Cue education projects, cheaper data, easier banking, and dozens more start-ups (literally) that keep Jordaan inspired on a daily basis. And while he’s learnt not to have coffee with absolutely everyone, he has a love of wine – unsurprising as the third generation Jordaan living on the Bartinney estate where his grandparents are buried – and a great appreciation of the restaurant trade.

“It’s been a tough period for restaurants, with foreign visitors absent, and locals slowly coming back,” he says of an industry that’s taking a hammering across the country. “Restaurants are one of the few macro trends where South Africa can grow and create a lot of jobs.”

And all the more so when those restaurants are producing the sort of fare chef Basson has conjured up: a sizeable ham hock that falls apart at the sight of a fork, soft, light discs of gnocchi, a glorious vanilla cheesecake. The food meets with smiling approval from Jordaan, and inspires some closing counsel.
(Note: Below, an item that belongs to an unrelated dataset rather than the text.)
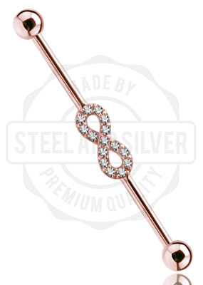 ROSE GOLD PVD SS316L INDUSTRIAL CRYSTAL BARBELLS SET W. CUBIC ZIRCONIA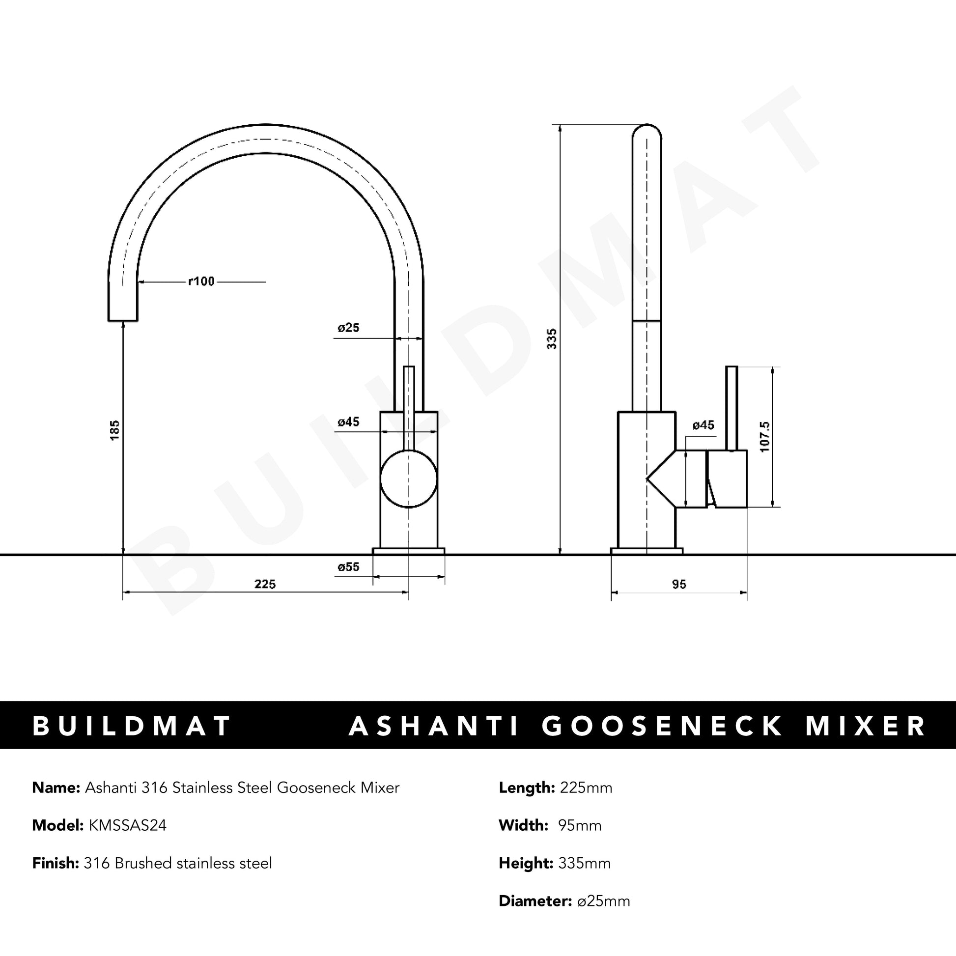 Upgrade your kitchen, laundry or outdoor alfresco with the Ashanti 316 Stainless Steel Gooseneck Mixer. Crafted with precision, this mixer promises durability and timeless style for your home.

“I heard a great quote the other day – it’s not that we’re all in the same boat, we’re in the same storm. For people privileged enough to have some capital, now’s a good time to invest. Spend in your local community, or on local start-ups. But for most people, it’s a time to simplify your life, pay off some debt if you can, look at what you really need in your life. Focus on the important things – often, they’re right in front of you.

“And never waste a crisis. It’s an opportunity to reset. You’ll have to make some tough decisions, but believe that things will get better. Now is not the time for businesses to excel, it’s a time to survive. And if you do manage that, chances are many of your competitors won’t, and so by definition you’ll be stronger. So just survive, and you’ll do well.”

And so ends lunch with Michael Jordaan, serial investor, reinvented banker, and a man still cautiously optimistic despite the myriad challenges South Africa faces. Helped by the casual genius of Bertus Basson, it’s an hour of much-needed tonic for the lockdown-battered soul – and inspires my final take from our time together. Find out what Michael Jordaan is investing in, and whatever it may be, follow suit.